# Parodies & send-ups in classical music...



## Sid James (Feb 7, 2009)

There are plenty of these, and I tend to love them.

*Please give us your own examples, ones you can think of, eg. where composers are sending up or making fun of other composer's music, maybe even their own, or a particular technique, style or cliche.

& also, do you like these kinds of things, care about them, realise they are there? Or do they pass you by?*

Some well known examples are:

- The _Tristan chord _ briefly interrupting the ragtime of* Debussy's *_Golliwog's Cake-Walk_, then disappearing without a trace as if it means nothing to him. He's grown out of his Wagner fetish.

- The famous bit in *Bartok's* _Concerto for Orchestra_, where he parodies that banal march tune of Shostakovich's _Leningrad Symphony_. The brass blow raspberries, making it sound totally ridiculous, not an ounce of Soviet heroism there.

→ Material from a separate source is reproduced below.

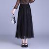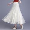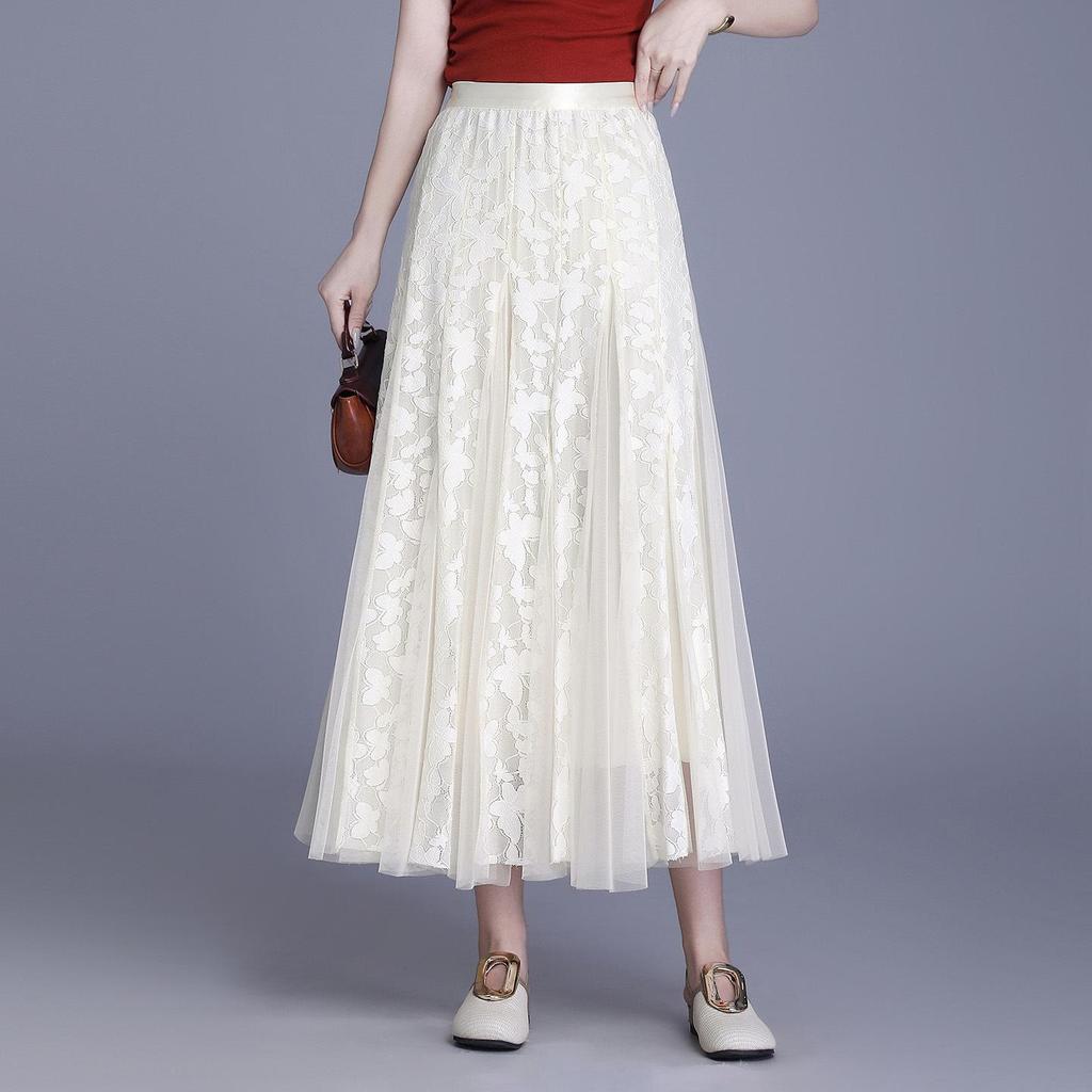 A-line Midi Skirt: High Waist Mesh Lace Patchwork for Women - Spring/Summer 2026
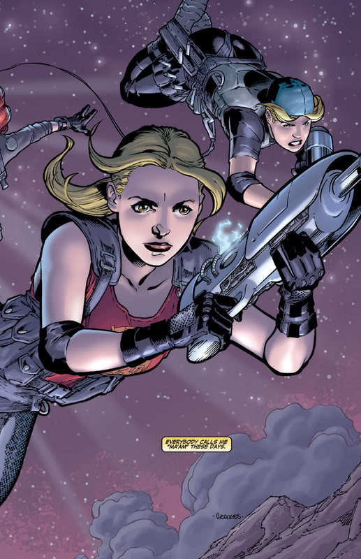 Au niveau du scénario, pas de doute, on est bien dans du Whedon, on retrouve avec plaisir les codes de la série, le même humour. Ce qui me chiffonne le plus en revanche, c’est que, Whedon s’est bien fait plaisir, un peu trop peut-être. Je trouvais déjà que les deux dernières saisons étaient de trop, que l’on avait perdu le petit truc qui faisait la série, mais malgré ça on le retrouve dans la BD même si le changement est radical. C’est bien simple on passe du fantastique à la science-fiction et le temps du bon vieux Sunnydale me manque, je regrette le temps des trois premières saisons. A la fin de la série, j’imaginais déjà le futur de Buffy, un futur où elle combattrait les démons bien sur, mais où elle aurait une vie sociale, où elle rechercherait les nouvelles tueuses et tout et tout, mais j’étais quand même loin d’être préparée à ça!

- *Shostakovich* sends up serialism in his _String Quartet #15_. The part in it when the violin plays a 12 note row, then the cello takes it up but only manages 8 notes of the row. It's kind of humorous, but a kind of dark and bitter humour. I don't think Shosty was a big fan of serialism, this was like a send-up of it, it was like saying "this is ****."

Two less known ones:

- *Malcolm Arnold's *A Grand Grand Overture for Three Vacuum Cleaners, Floor Polisher and Concert Band - Taking the p*ss out of the avant-garde & in particularly the "noise" genre. A bit of a bitter reposte this was, Arnold was given the cold shoulder as where many other composers like him immediately after 1945, who did not conform to the avant-garde high priest's ideas of what was "real" modern music.

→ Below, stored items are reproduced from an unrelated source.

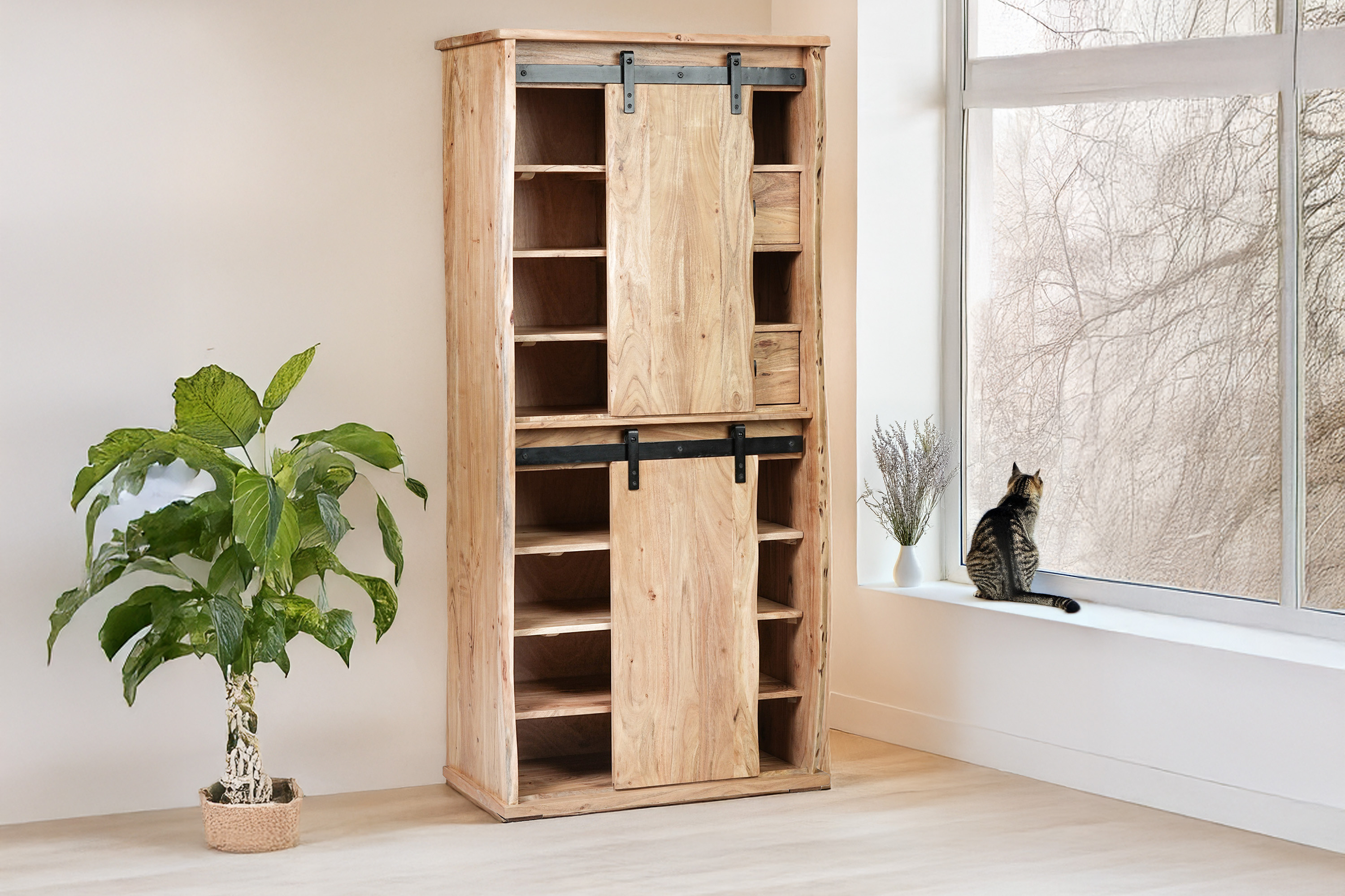 Schiebetüren mit Baumkante: Die echten Baumkanten der Holztüren unterstreichen den rustikalen Charakter und machen jedes Möbelstück einzigartig. Die natürlichen Formen sorgen für eine harmonische Optik und ein besonderes Design.
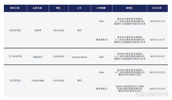 目前全球范围内共有3款CD3/CD20双抗获批上市,中国有两款CD3/CD20 TCE获批。
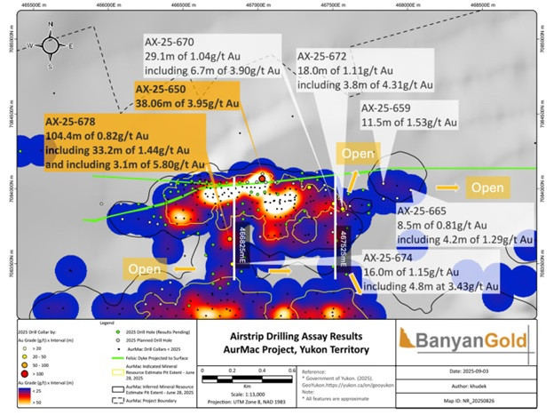 VANCOUVER, BC / ACCESS Newswire / September 4, 2025 / Banyan Gold Corp. (the "Company" or "Banyan") (TSXV:BYN)(OTCQB:BYAGF) is pleased to announce it has intersected 104.4 metres ("m") at 0.82 g/t Au including 33.2m at 1.44 g/t Au and 3.1m at 5.8 g/t Au in drillhole AX-25-678 at the southern extent of the Airstrip Deposit ("Airstrip") at its AurMac Project ("AurMac") in the prolific Tombstone Belt, Yukon, Canada. This drillhole highlights the potential for Airstrip mineralization to extend below Powerline and bridge the gap between the conceptual pits. In addition, drill results indicate potential extensions to the mineralized envelope at Airstrip, east and southeast of the Mineral Resource Estimate ("MRE") (Table 3) conceptual pit, as well as a step out east of Airstrip demonstrates near-/at-surface high-grade mineralization (Figure 1). To date, over 27,000m (120 holes) have been drilled by the Company this year on the AurMac Project, with drilling currently ongoing.

- Australian composer *Richard Mills *did the same kind of thing in his recent _String Quartet #4 "Glimpses from my book of Dada."_ In one of the movements, the two violins insert paperclips near the bridge. The resulting sound was like a machine, eg. like a fridge or something, totally bizarre. I heard it in concert a couple of years ago, I don't think there's a recording, you'll have to take my word for it. This was a dig at the avant-garde who in past years have criticised Mills for the usual superficial things (eg. he's a sell-out, not experimental enough, his music has too much melody and emotion, all that cr*p)...


----------



## brianwalker (Dec 9, 2011)

Shostakovich's 15th symphony was, according to wikipedia, a hodgepodge of send-ups. 

I recognized most prominently the "Fate theme" from the Ring. 

It all sounded out of place and disorderly.


----------



## joen_cph (Jan 17, 2010)

In Satie´s piano miniatures "Embryons Dessechees", parodies form a queue:






http://en.wikipedia.org/wiki/Embryons_desséchés


----------



## itywltmt (May 29, 2011)

Saint-Saens' _Carnival of the Animals_ is full of thyem - esp. that animal, *the pianist*...


----------



## Sid James (Feb 7, 2009)

Thanks guys.

Yes, itywltmt, I completely forgot about the Saint-Saens_ CArnival of the Animals_. The turtle has Offenbach's can-can slowed down to a ridiculous degree - didn't recognise it until I read about it - & I think there's a Berlioz send up in there as well. The pianists one as well, & in_ The Fossils_ (or maybe some other part), there's _Una Voce Poco Fa _from Rossini's _The Barber of Seville_.

I only recongised these references, and "send ups" quotes after reading about them and listening to this work afresh. I had to clear my mind. I thought it was cliche before, but now I love it. Even went to hear it live in concert a few years back. I think it's Saint-Saens' finest work, or at least one of his best.

The Satie work I did not know about. Haven't heard that one before, I think. I will come back to it, thanks joen_cph.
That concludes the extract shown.